Tuesday 28 August 2012

Enough is Enough

It’s taken long enough, but Lance Armstrong finally seems to have realised that fighting the doping charges against him is doing no-one any favours. Like a fly caught in a spider’s web, Armstrong finally seems to have recognised that the longer he struggles, the more he tangles himself in the ever-tightening web of brutal public opinion.

He was the golden boy of world cycling. The poster child of the UCI. An angel of charity work. A hero to cancer sufferers worldwide. In short, Lance Armstrong from Plano, Texas, was an all-around good guy on a bike.


So when the drug rumours came knocking, as they seem to have done for every high-profile cyclist throughout time, Armstrong thought that he could beat them.
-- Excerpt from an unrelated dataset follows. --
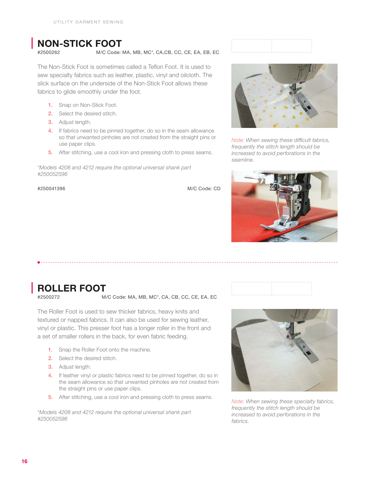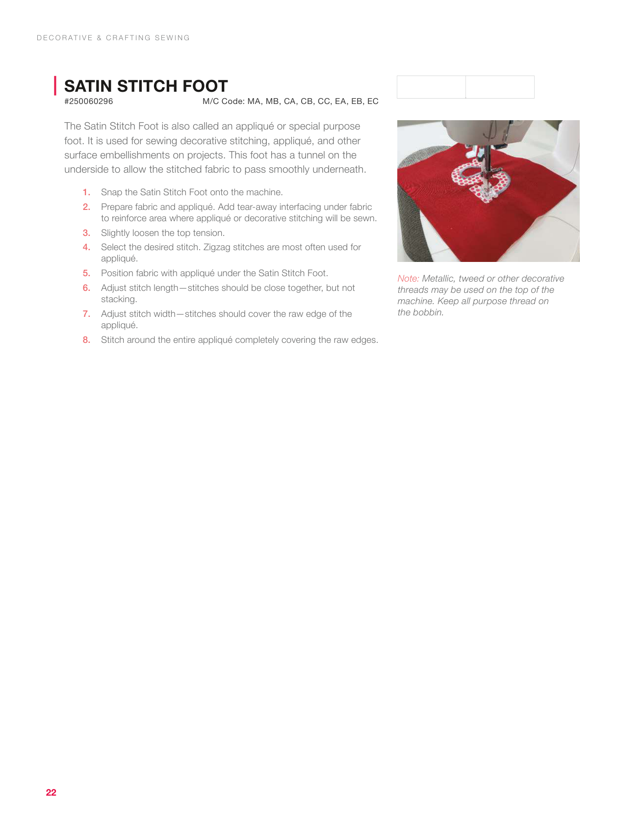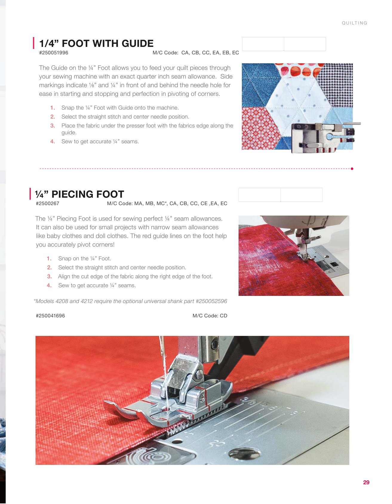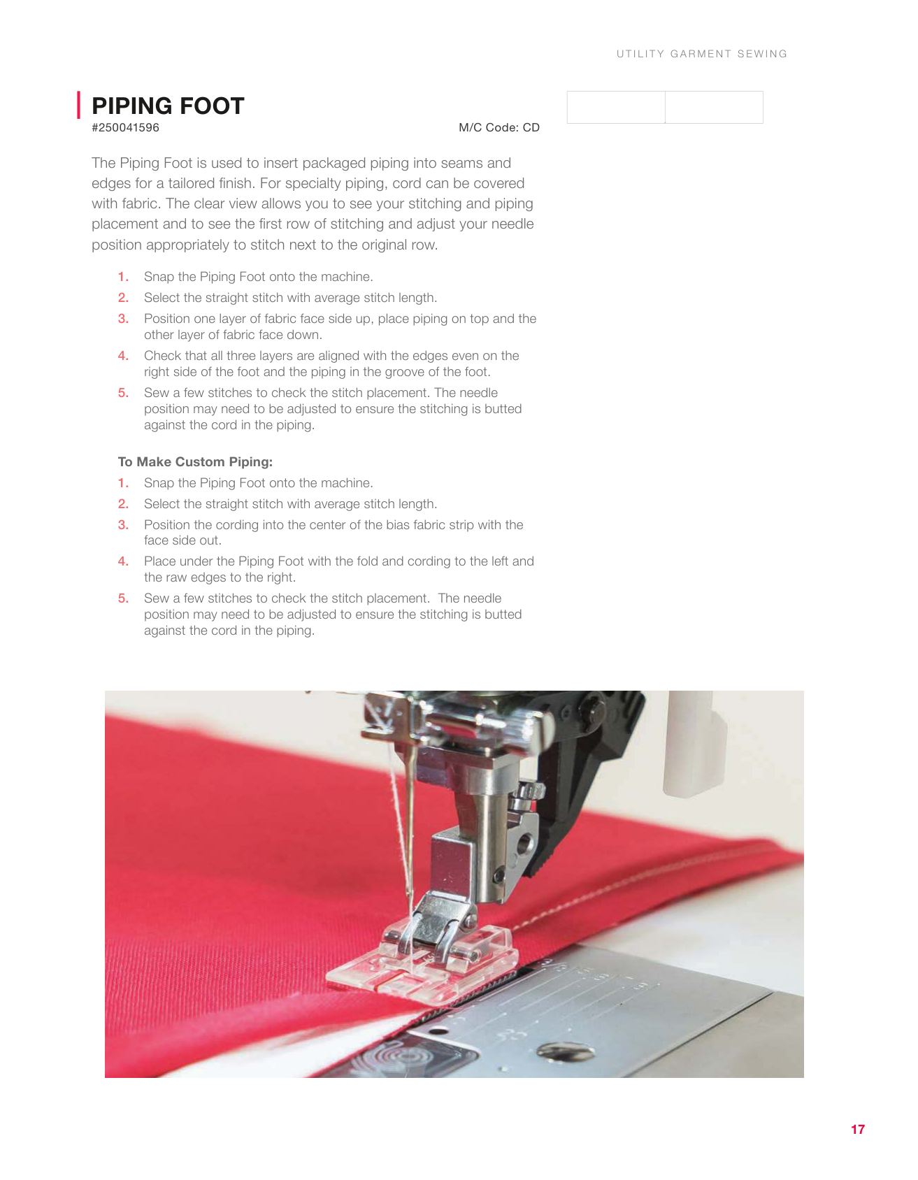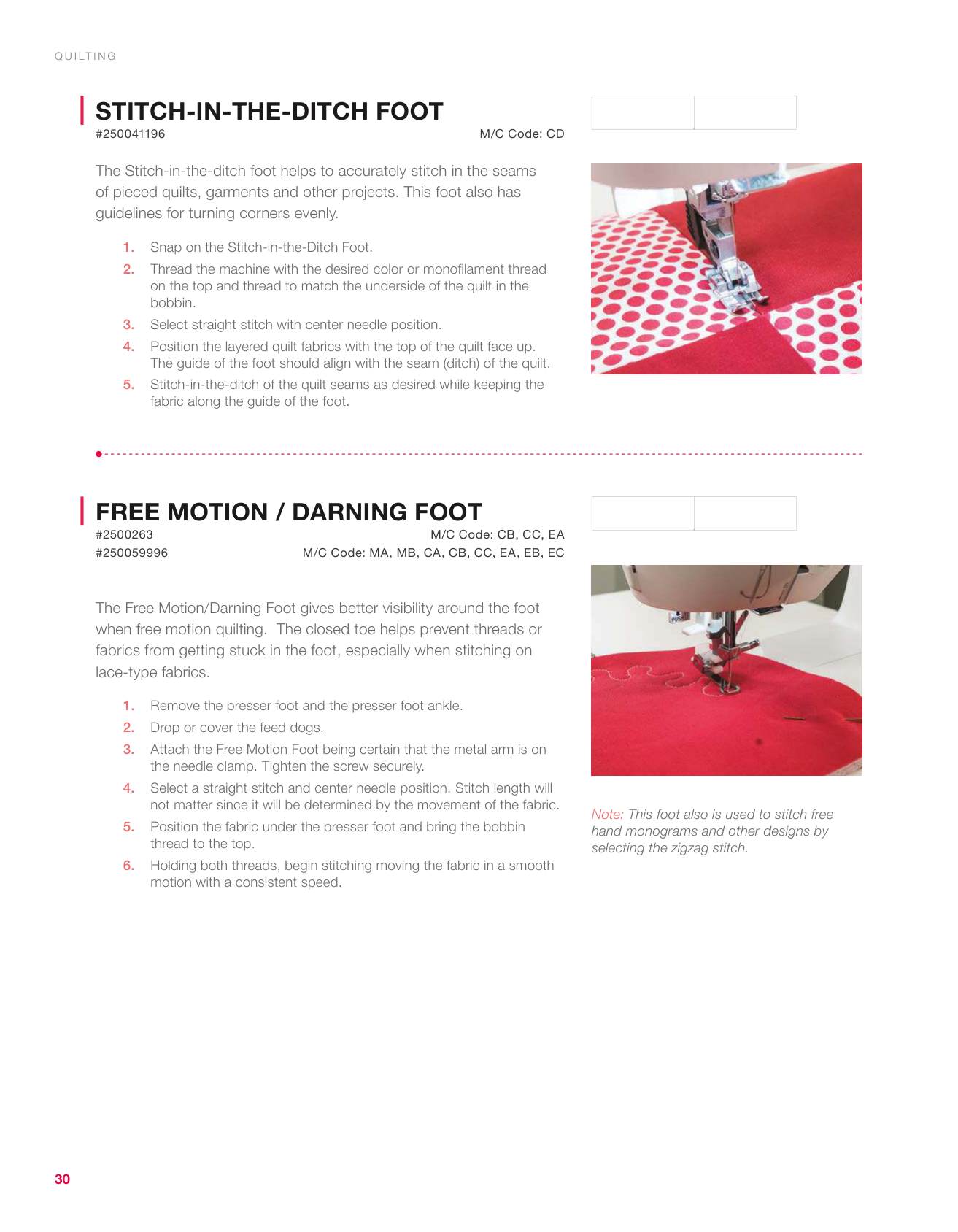#250052196M/C Code: MA - MB, CA - CC, EA - EC The small needle hole of this foot prevents the fine or light weight fabrics from getting caught on the feed dogs, causing puckering or skipped stitches.

Truth and innocence aside, a reputation as tall as the Texan himself and seven Tour de France titles to boot would surely be currency in dispelling the ugly tales and restoring his good name.


But the problem with drug rumours is that they seem to follow Grisham’s law of economics – ‘Bad money drives out good’. No matter how squeaky his reputation, the tiniest whisper of scandal was enough to taint it in an instant. As soon as the rumours began circulating that those seven Tour titles weren’t as cleanly earned as previously thought, the first cracks began appearing in the armour. No matter whether Armstrong’s lawyering up was a sign of a fight to protect his innocence or a fight to hide his guilt, the implication was clear. Armstrong was taking this seriously. And suddenly every news story featuring Armstrong in the title had ‘doping’ right there with it.


And there lies the point of no return. Once Armstrong’s name was tied to drug allegations, they were tied forever. No amount of fighting to clear his name would ever do that. Had Armstrong succeeded in beating the charges, he would simply have become the seven-time Tour de France winner who was cleared of drug charges. Goodbye, innocent until proven guilty. Drug charges don’t play by those rules.


Armstrong has put his faith in the idea that the truth will out. The truth is no longer what’s at stake. The heart of the matter is that even if the UCI, USADA, WADA and the Plano Cycling Club were all to declare the drug charges baseless and Armstrong a clean man, he has already been tarnished. What he has been fighting so hard to save is just a speck on a distant horizon. His reputation is down the drain, dragging the reputation of world cycling down right along with it.


Armstrong finally seems to have realised that in this case, no news really is good news. The longer he protests his innocence, the longer he drags his own name, and that of cycling, through the Spring Classics-deep mud. With no hope of redemption in sight, the biggest favour Lance Armstrong can do anyone now is to bow out quietly and pray that public opinion will be more lenient towards cycling than it has been towards him.